After a slow and underwhelming start, Cannes definitely stepped up the quality level in its closing week. Babel, the epic new globalised multi-plot melodrama from Amores Perros and 21 Grams director Alejandro Gonzales Inarritu, put audiences through the emotional mangle in four different languages. Meanwhile his friend and fellow Mexican superstar director Guillermo Del Toro delivered the fantasy rollercoaster ride of the festival with Pan’s Labyrinth, a supernatural fairy tale set in fascist Spain soon after the Civil War. Two very different films, both of them excellent.

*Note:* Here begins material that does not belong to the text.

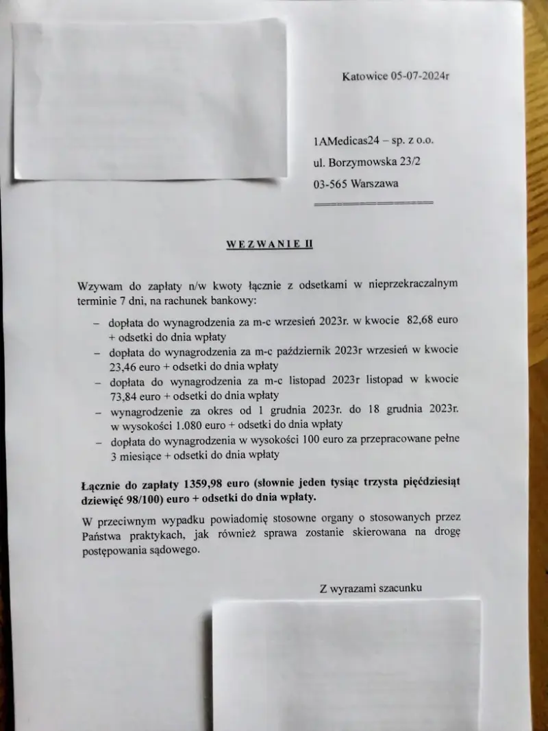 Opiekunka Justyna, jak wiele kobiet jej podobnych, postanowiła pojechać do pracy do Niemiec, aby opiekować się tamtejszymi seniorami. Chciała służyć schorowanym ludziom, a jednocześnie zarobić, podreperować swój budżet. W tym celu podpisała umowę z firmą 1A Medicas 24, obecna Mamma Mia, i wyjechała za Odrę. Gdy dotarła na miejsce, okazało się, że ma pracować dla zupełnie innej firmy, a mianowicie dla firmy 1A Pflegemax 24 z Mannheim. Nie tak się umawiała, pojawiły się więc obawy co do przyszłości. Niestety przeczucie nie myliło opiekunki Justyny. Po pewnym czasie kobieta sprawdziła, czy firma z Warszawy reguluje składki ZUS. Okazało się, że nie. Brak opłat był więc powodem wypowiedzenia umowy. Co zrobiła firma 1A Medicas 24, obecnie Mamma Mia? Nałożyła karę umowną na opiekunkę wynoszącą 15 tys. złotych a na poczet kary zabrano opiekunce całą pensję. Do dnia dzisiejszego ani firma 1A Pflegemax 24, ani 1A Medicas 24 nie poczuwają się do odpowiedzialności. Za nieprawidłowość, za którą same odpowiadają. Mimo dokumentów ZUS... Są jednak świadome tego, co robią. Gdy się bowiem pojawiło więcej opiekunek takich jak Justyna, na rynku pojawiła się nowa firma, Mamma Mia. Ma ona zastąpić poprzedniczkę i jednocześnie pomóc uciec od odpowiedzialności za nieprawidłowości, których się dopuściła firma 1A Medicas 24. Z Warszawy. Z ulicy Borzymowskiej. Uważajcie na tych ludzi. Zwłaszcza na osoby takie jak: Agata H., Iwona L., Wirginia K.

As ever at Cannes, the festival fringes have thrown up some of the finest, weirdest movie moments. Like the night time beach screening of Daft Punk’s Electroma, a psychedelic sci-fi road movie directed by the Parisian techno duo with a nod to arthouse classics by Antonioni, Kubrick and early George Lucas. Although the film stars the pair’s iconic robot characters, it contains none of their music and no dialogue. Most critics hated it but Uncut was mesmerised. Almost as trippy was Richard Linklater’s A Scanner Darkly, an innovative and very funny sci-fi stoner comedy starring Keanu Reeves, Winona Ryder and Robert Downey Jr in heavily stylised, semi animated form.
But the biggest, filthiest laughs of the festival were reserved for two unofficial, under the radar screenings. The first was a sneak preview of Borat, the feature debut of the Kazakhstan character created by Sasha Baron Cohen, aka Ali G, an inspired masterclass in politically incorrect humour directed by Curb Your Enthusiasm creator Larry Charles. Its only rival in the rarefied premiere league of ass-to-mouth and animal-sex jokes was Friday’s rowdy midnight debut of Kevin Smith’s Clerks 2, an orgy of foulmouthed genius which reunites the same characters in a fast food restaurant 12 years after the first film.
At the packed screening, Smith was greeted like a rock star. “It’s a massive, massive fucking honour to be here,” the cult writer-director announced as he bounced onstage in tuxedo and surf shorts. “I feel a little awkward to be honest with you… I feel a little gay, but not gay in that awesome cock-sucking way.”
It was the perfect climax to a bumpy Cannes festival which, in the end, delivered the goods. That’s all for now – Uncut is off to dive into a swimming pool full of champagne and porn stars. Hey, that Ken Loach really knows how to throw a party. See you face down on the red carpet next year.